Angenommen, wir haben eine Menge und jedes Mitglied von ist ein Daten- und Schlüsselpaar. Wir möchten eine Datenstruktur, die die folgenden Operationen unterstützt:
- Setze in D ein ,
- Löschen Sie das Mitglied (es muss nicht gesucht werden, um e zu finden , z. B. zeigt e auf ein Mitglied in D ).
- MostFrequent, das ein Mitglied zurückgibt, so dass e . k e y eine der häufigsten Tasten ist D (Beachten Sie, dass die häufigste Schlüssel nicht eindeutig zu sein braucht).
Was wäre eine effiziente Implementierung dieser Datenstruktur?
My solution is a heap for the keys and their frequencies prioritized by the frequencies plus a hash table where the hash function maps members with the same key to the same slot in the hash table (with pointers from each part to the other).
This can give for the first two operations and for the third (worst case running time).
I am wondering if there is more efficient solution? (or a simpler solution with the same efficiency?)
Antworten:
In the comparison-based model of computation, you may implement the priority queue using a Fibonacci heap instead of an ordinary heap. This will give you the following bounds:O(1) amortized time for insert and O(logn) amortized time for deletion operations.

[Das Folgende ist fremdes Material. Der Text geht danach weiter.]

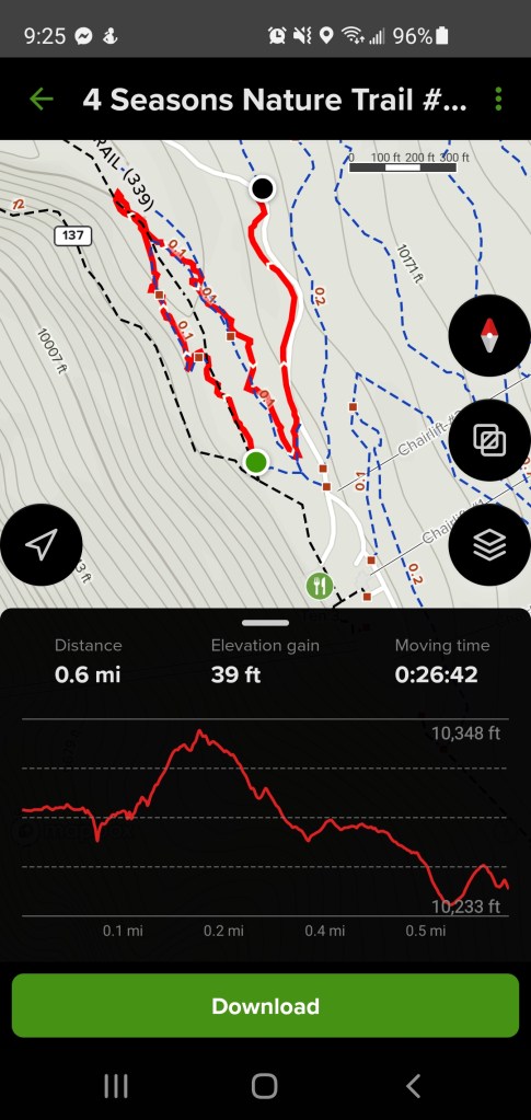 Alltrails has the 4 Seasons Nature Trail listed as an easy half mile trail with a 24 foot elevation gain. I knew it was supposed to be chilly at the top of the mountain, so I wore jeans, a long sleeved Henley, and a flannel.
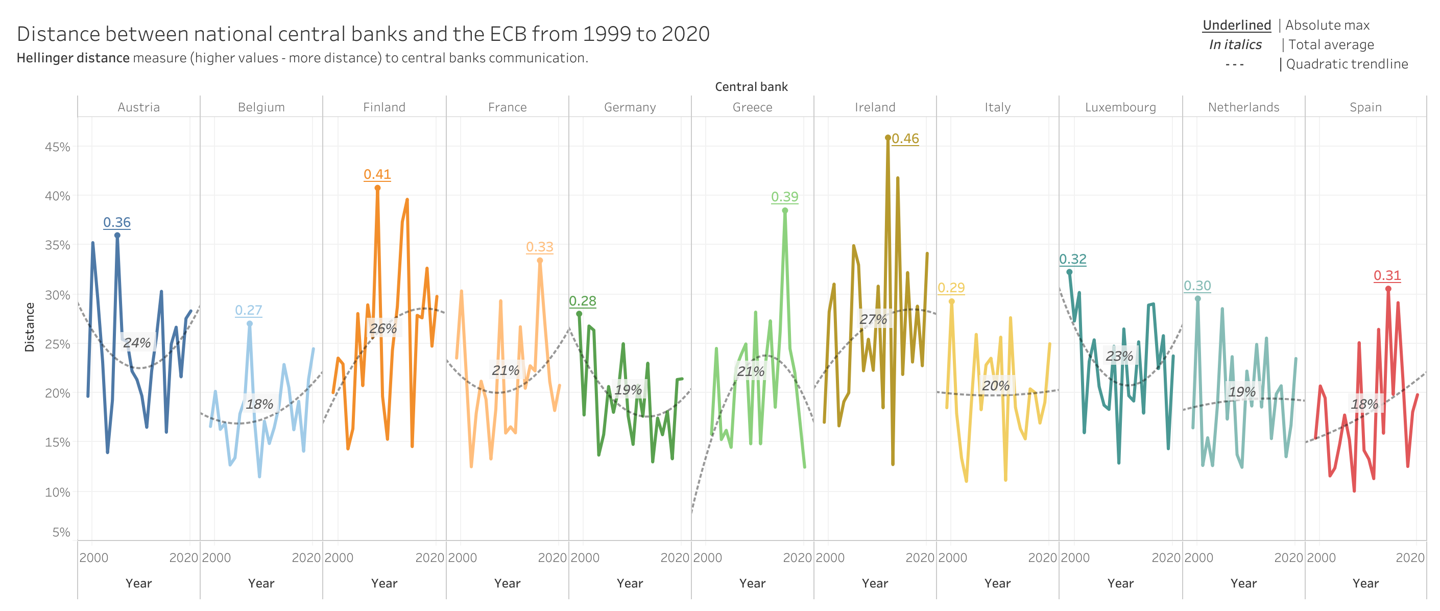 In Tableau, I visualize topics’ evolution over years. The visualization allows to compare the use of topics by each CB with the annual average of all CBs (upper chart). As well, I show how the attention to each topic changes for every CB (lower chart).
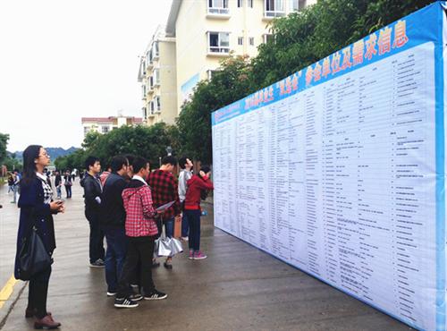 11月13日,分校2016届毕业生就业双向选择洽谈会在空港校区篮球场举行。江西铜业、南方有色金属集团、百色百矿集团、柳州钢铁(集团)等240多家区内外企事业用人单位云集我校招贤纳士,提供实习、就业岗位近万个。分校3365名2016届毕业生参加双选会。据统计,用人单位需求专业覆盖分校全部专业,专业对口率高,不少毕业生与用人单位在双选会上达成了就业意向。
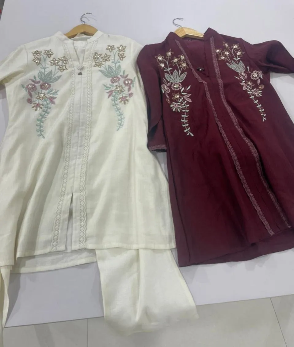 | Product Details | Pure Berlin fabric outfit with handwork. Available in sizes M (38.5), L (40.5), XL (42.5), XXL (44.5). |
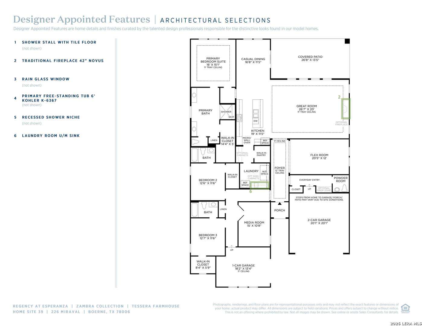 MLS# 1961992 - Built by Toll Brothers - Dec 2026 completion! ~ Beautifully designed to make an impression, the Tessera features an expansive great room with tray ceiling, a lovely focal point for the main living areas. Overlooking a large covered patio, the airy casual dining area is set alongside the well-designed kitchen, offering a large center island with breakfast bar, plenty of counter and cabinet space, a convenient workspace, and a sizable walk-in pantry. Defining the superb primary bedroom suite are a beautiful tray ceiling, a generous walk-in closet, and a splendid primary bath with dual vanities, a large luxe shower with seat, linen storage, and a private water closet. Secondary bedrooms feature walk-in closets and private baths, and are central to an ample media room. Additional highlights include a spacious flex room, a convenient powder room, an everyday entry, a centrally located laundry, and plenty of additional storage. Disclaimer: Photos are images only and should not be relied upon to confirm applicable features.
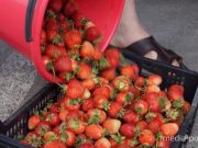 Всего второй день работает клубничный оптовый рынок в агрогородке Дворец, а оживление заметно усилилось по сравнению с первым днём.
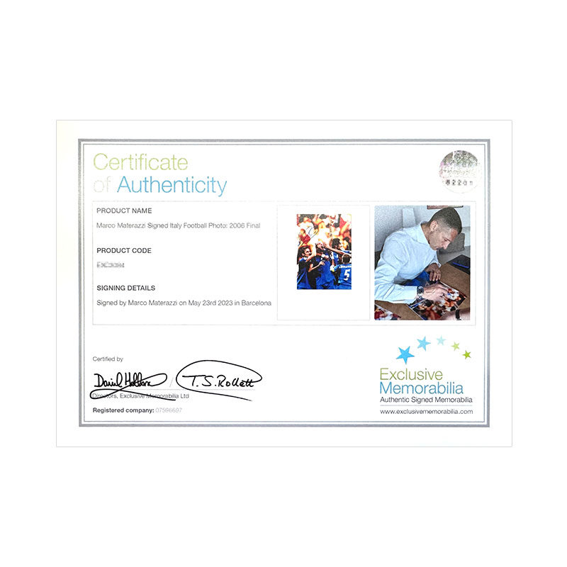 马特拉齐|2006年决赛亲签照片【含EM证书】正品收藏球迷礼物带框

If you depart from the comparison-based model and adopt the RAM model where keys are regarded as binary strings, each one contained in one or more machine words, you may implement your priority queue ino(logn) . Indeed, you can achieve for both insert and delete operations O(loglogn−−−−−−−√) and O(1) time for the findMin operation. Thorup proved that
If we can sortn keys in time S(n) per key, then we can implement a priority queue supporting find-min in constant time and updates (insert and delete) in S(n) time.
See M. Thorup. Equivalence between priority queues and sorting, 2002. in Proc. FOCS 2002
Since we can sort inO(nloglogn−−−−−−−√) expected time and linear
space, as shown by
Y. Han and M. Thorup. Integer sorting inO(nloglogn−−−−−−−√) expected time and linear
space. in Proc. FOCS 2002
the bound is proved.
quelle
You can do all of these inO(1) expected amortized time.
The essential trick is that we don't need the full power of a priority queue, since key frequency only changes by 1 during each insert or delete.
My solution below is really just your solution with an "inefficient" priority queue that happens to work well for this case: a max priority queue implemented as a doubly linked lists of buckets of keys has O(1) insertMin, deleteMax, removeFromBucket, and increaseKey.
Maintain a doubly-linked list of Buckets, where each Bucket has a non-empty hash set of keys (that I'll call a Cohort) and a positive integer (that I'll call the ValCount). In a Bucket b, each key k in the Cohort of b has the same number of unique values associated with it in the set you are maintaining. For example, if your set has the pairs (a,apple), (a,avocado), (b,banana), (c,cucumber), (d,dragon fruit) where the single letters are the keys and the fruits are the values, then you would have two Buckets: One Bucket would have a ValCount of 2 and a Cohort consisting only of one key: a. The other Bucket would have a ValCount of 1 and a Cohort consisting of the three keys b, c, and d.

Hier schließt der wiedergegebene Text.